No por la gracia de España, como solían decir del caudillo, pero quizás por un acierto total de casting, en La Reina de España verán — ¡oirán!— al mejor Generalísimo Francisco Franco y Bahamonde: voz meliflua y apocada que se crece cuando habla de cine. Trueba no castiga con soberbia al dictador ni le pasa la cuenta histórica maquillándolo de horror; opta por divertirse con él, le basta con volverlo el chiste que ya era. Le guarda, eso sí, una frase de la actriz, la Macarena, el personaje de Penélope Cruz, que coronará el sainete —oración de cierre que será la catarsis que la película esconde con cuidado hasta su final. Luego de ver a Penélope Cruz cantando como nunca se ha cantado la Granada del mexicano Agustín Lara, una delirante extravagancia truebiana entre el cuplé, el más delicioso kitsch y ciertos aires de musical hollywoodense, Trueba consigue otorgar con gentileza (y me atrevería a decir con elegancia) una de las frases más atrevidas, soeces y memorables de cualquier cinematografía. Cuentan que por la dureza de la misma, cuando la gente leía el guión, los ojos de los lectores no podían dar crédito a la frase y le comentaban al realizador que seguramente esas palabras estaban allí provisionalmente y que, justo antes de filmarse la película, el autor, con mejor tino y cabeza, la sustituiría con algo posiblemente más potable. Pero de provisional, nada. La frase —como “the boy stays in the picture!”— se quedó al fin y la graciosa Penélope la dispara con la misma dulzura de un Tejero Molina entrando al Palacio de las Cortes, espetándole al benefactor de España lo que buena parte de su pueblo hubiera querido gritarle en su momento.

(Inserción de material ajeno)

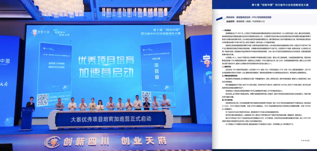 Additionally, at the finals venue, the Acceleration Camp for Outstanding Projects from the 10th “Maker China” Sichuan Provincial SME Innovation and Entrepreneurship Competition was officially launched. Focusing on critical stages of project development, the Acceleration Camp features 10 targeted support policies jointly introduced by the Department of Economy and Information Technology and the Department of Finance, in collaboration with multiple departments. These policies cover six key areas: financial incentives, priority cultivation, financial support, public services, industrial chain integration, and promotional outreach. Awards reach up to 1 million yuan, with outstanding projects gaining direct eligibility for the national “Little Giant” program for specialized, refined, distinctive, and innovative enterprises. HHMAX-ENERGY's “Linear Field Reverse Configuration (FRC) Controllable Nuclear Fusion Device” was selected as an outstanding project in this competition and included in the province's Top 50 Projects Catalog. It will receive focused cultivation and additional policy support.
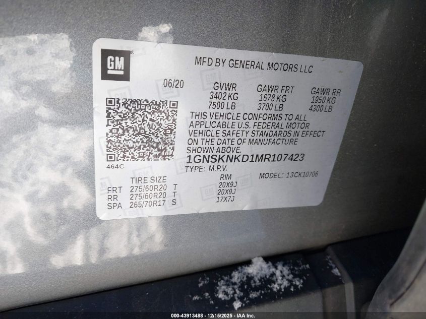 Цвет СерыйЦилиндры 8Привод Полный приводVIN 1GNSKNKD1MR107423Состояние НеизвестноПовреждения Неизвестно AutoRIA
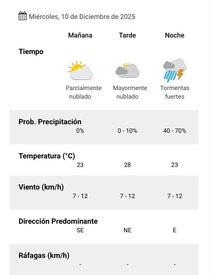 El parte del servicio meteorológico prevé que para después del mediodía el cielo estará parcialmente nublado y los vientos del sector noreste tendrán velocidades estimadas entre 7 y 12 km/h. La temperatura pronosticada sería de 28 grados.
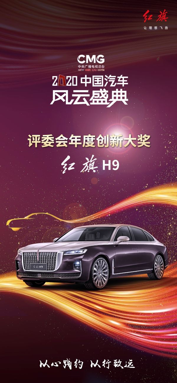 在全体红旗人的努力下,红旗品牌受到了媒体和用户一致好评。在央视主办的《2020中国汽车风云盛典》中,红旗H9力拔头筹,荣获“评委会年度创新大奖”;而在第十七届胡润至尚优品颁奖典礼上,红旗E-HS9以其独特的东方魅力和领先的智造水准,赢得豪华大型纯电SUV最佳表现奖。连续两个重量级大奖,是市场对红旗最真实的反馈。
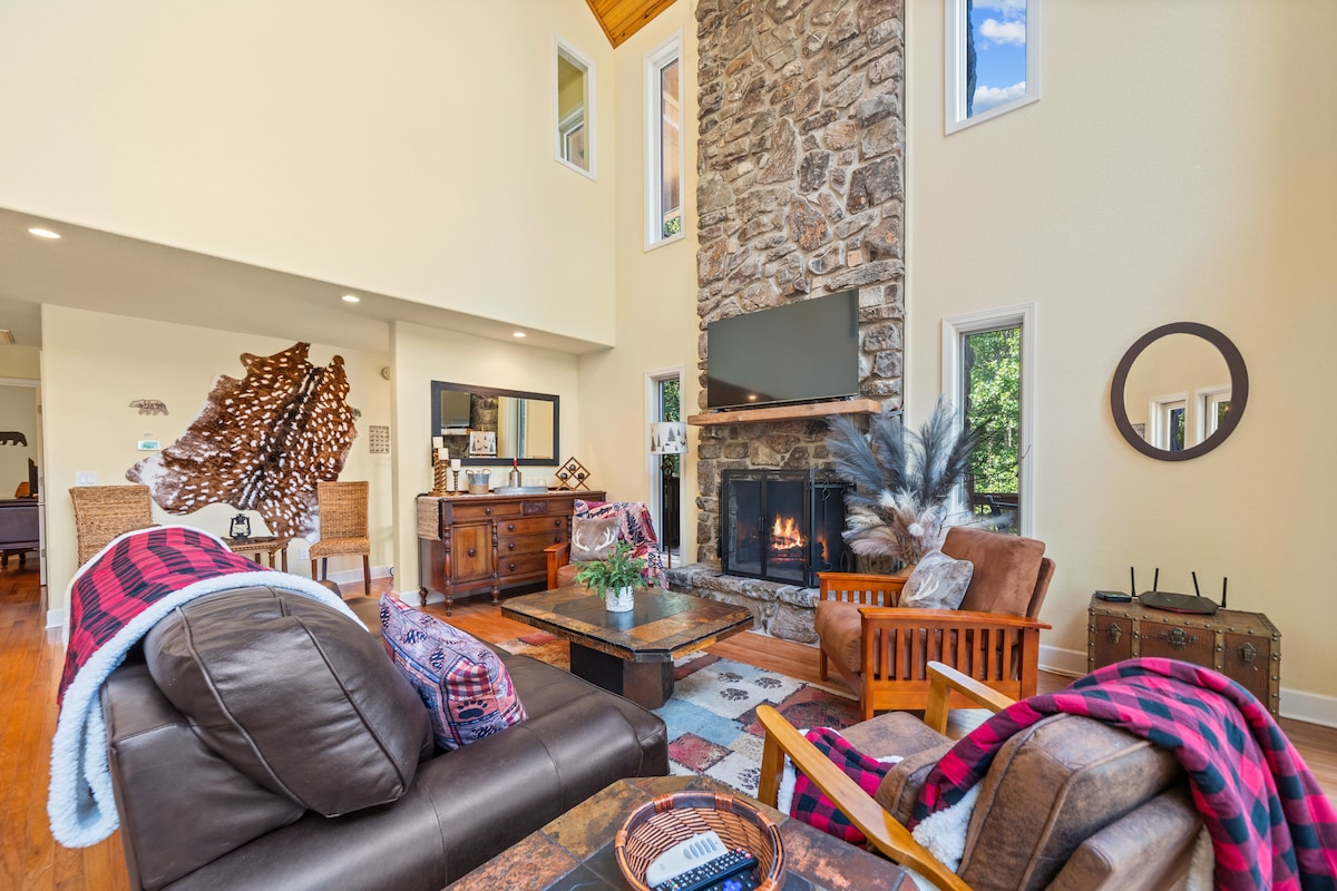 Atrodas mežainā oāzē - ideāla vieta, kur izbaudīt atpūtu. Šis mājoklis ar visām jūsu uzturēšanās papildērtībām un atrodas ciemata centrā, un tas ir aprīkots, lai jūs varētu baudīt gan iekštelpas, gan ārtelpas. Brokastojiet koku galotnēs uz klāja kopā ar putniem un vērojiet briežus. Milzīga ugunskura vieta, šūpoles un pakavu bedre izklaidei ārpus telpām. Ģimenes istabā ir akmens kamīns no griestiem līdz grīdai un milzīga sekcija! Luksusa gultasveļa, dvieļi un tualetes piederumi, lai jūs varētu izbaudīt atvaļinājumu!
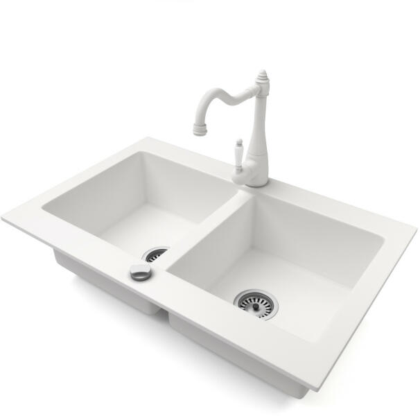 NERO Verso gránit mosogatótálca fehér színben csapteleppel és automata dugókiemelővel. Kétmedencés, szimmetrikus elrendezésű mosogató, kellően nagyméretű medencékkel, a 75 cm-es szélesség egyszerre tágas és helytakarékos is. Letisztult formatervezés, kiemelkedő anyagvastagság jellemzi, ezáltal rendkívül masszív és ellenálló konstrukció. Anyaga 80% gránit őrlemén

Pero no se hagan ideas. La frase es más que una frase en una película llena de frases geniales. No es una frase momentánea ni un insulto como el que la anterior Macarena de Penélope le lanzó al nazi Joseph Goebbels en la anterior entrada. Es irónico que tras la aspereza del aserto que concluye esta película gozosa se esconda un sutil e inteligente exorcismo final del franquismo urdido por un realizador de lucidez inefable desde sus inicios. Es la mejor manera que pudo hallar Fernando Trueba para colocar, en boca de una mujer, la urgencia de una desfranquización de los espacios de la vida española que aún aguardan por llevarse a cabo. Es una frase lapidaria, bordada por el autor y dicha como nadie más podría por la inmensa Penélope Cruz. Es lo que se llama la procacidad y la frescura elevadas al trono.